§ **What needs to be done**: In this exercise, print only the lines of the records below from the one with "Regarding heat, very" through the one with "(1).THÔNG TIN SẢN", inclusive. Pictures are not part of the copy.
━━━ Exercise data ━━━
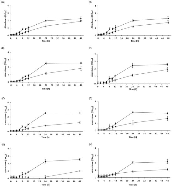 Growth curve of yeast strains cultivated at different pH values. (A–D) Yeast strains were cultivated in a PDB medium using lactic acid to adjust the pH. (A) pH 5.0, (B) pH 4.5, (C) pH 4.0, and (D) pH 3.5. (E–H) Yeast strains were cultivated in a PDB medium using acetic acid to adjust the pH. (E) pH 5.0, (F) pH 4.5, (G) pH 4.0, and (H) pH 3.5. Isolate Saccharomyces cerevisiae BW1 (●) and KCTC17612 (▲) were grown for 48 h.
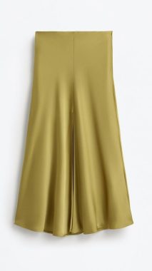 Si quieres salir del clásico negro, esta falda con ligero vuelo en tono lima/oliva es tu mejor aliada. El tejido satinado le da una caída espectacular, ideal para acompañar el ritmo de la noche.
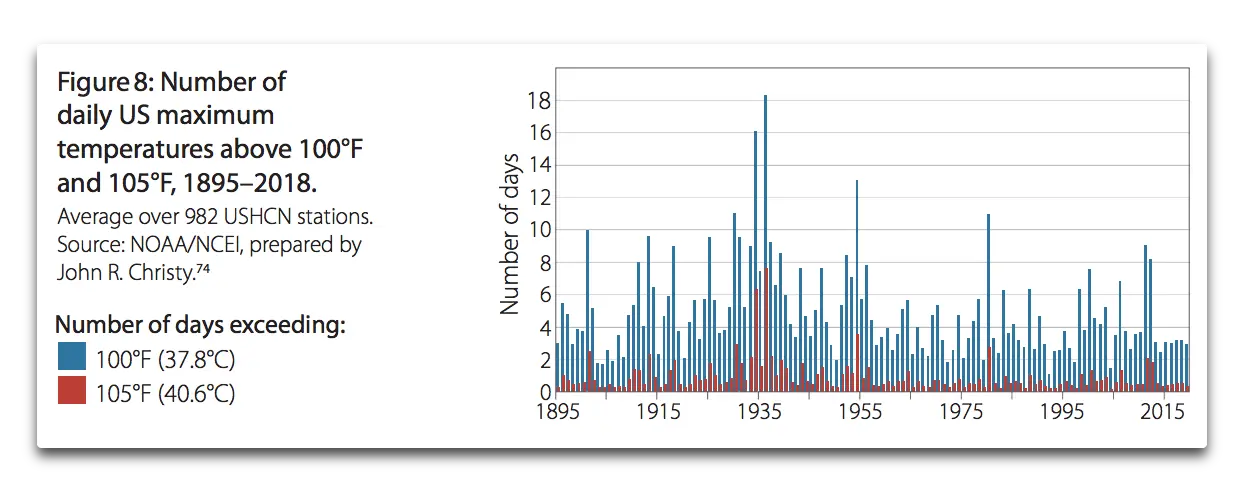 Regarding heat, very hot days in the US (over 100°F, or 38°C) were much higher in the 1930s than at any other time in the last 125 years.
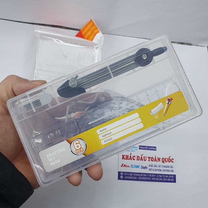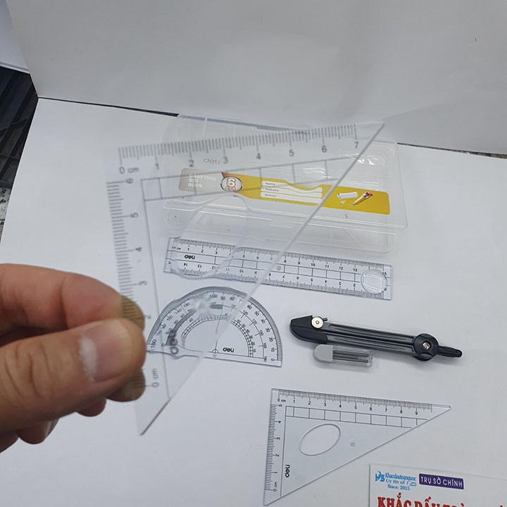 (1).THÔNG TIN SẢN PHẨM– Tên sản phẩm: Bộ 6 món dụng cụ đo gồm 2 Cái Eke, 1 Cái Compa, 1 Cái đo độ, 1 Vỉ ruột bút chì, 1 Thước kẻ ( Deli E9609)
━━━
━━━ Exercise data ━━━
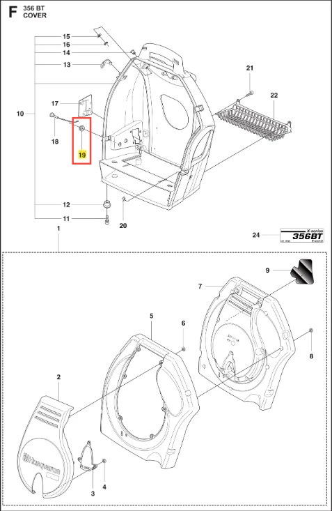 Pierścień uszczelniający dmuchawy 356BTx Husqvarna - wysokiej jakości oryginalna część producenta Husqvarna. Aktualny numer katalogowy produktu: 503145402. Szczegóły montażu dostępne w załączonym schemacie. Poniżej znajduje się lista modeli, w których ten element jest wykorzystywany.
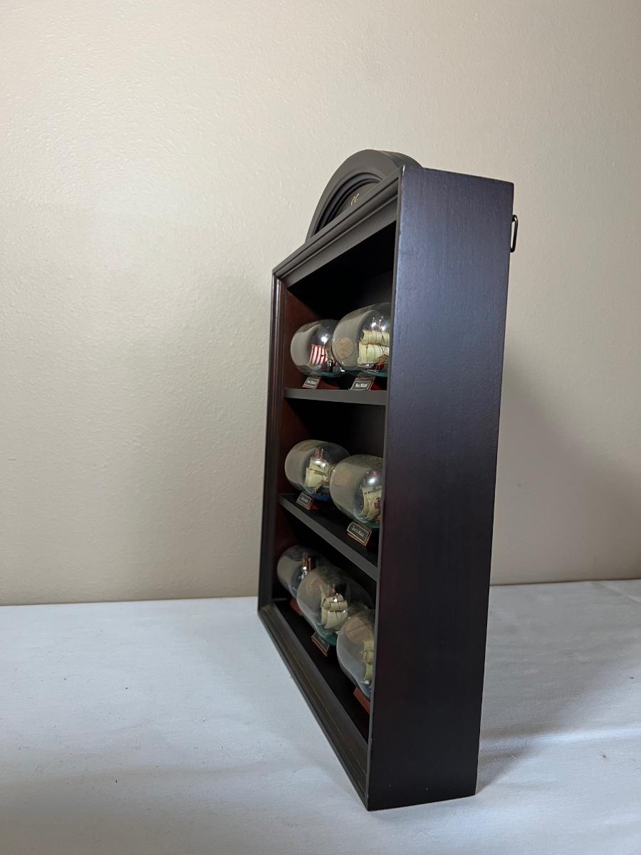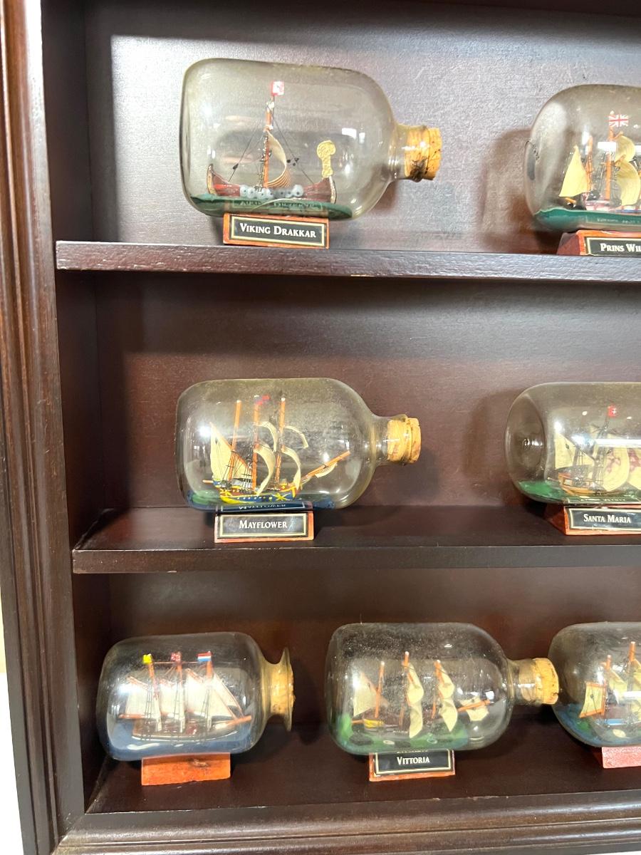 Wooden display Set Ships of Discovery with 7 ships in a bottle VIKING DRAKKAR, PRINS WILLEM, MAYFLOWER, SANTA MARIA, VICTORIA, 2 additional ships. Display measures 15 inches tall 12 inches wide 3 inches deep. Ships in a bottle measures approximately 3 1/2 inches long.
━━━
§ **Reply**:
 Regarding heat, very hot days in the US (over 100°F, or 38°C) were much higher in the 1930s than at any other time in the last 125 years.
 (1).THÔNG TIN SẢN PHẨM– Tên sản phẩm: Bộ 6 món dụng cụ đo gồm 2 Cái Eke, 1 Cái Compa, 1 Cái đo độ, 1 Vỉ ruột bút chì, 1 Thước kẻ ( Deli E9609)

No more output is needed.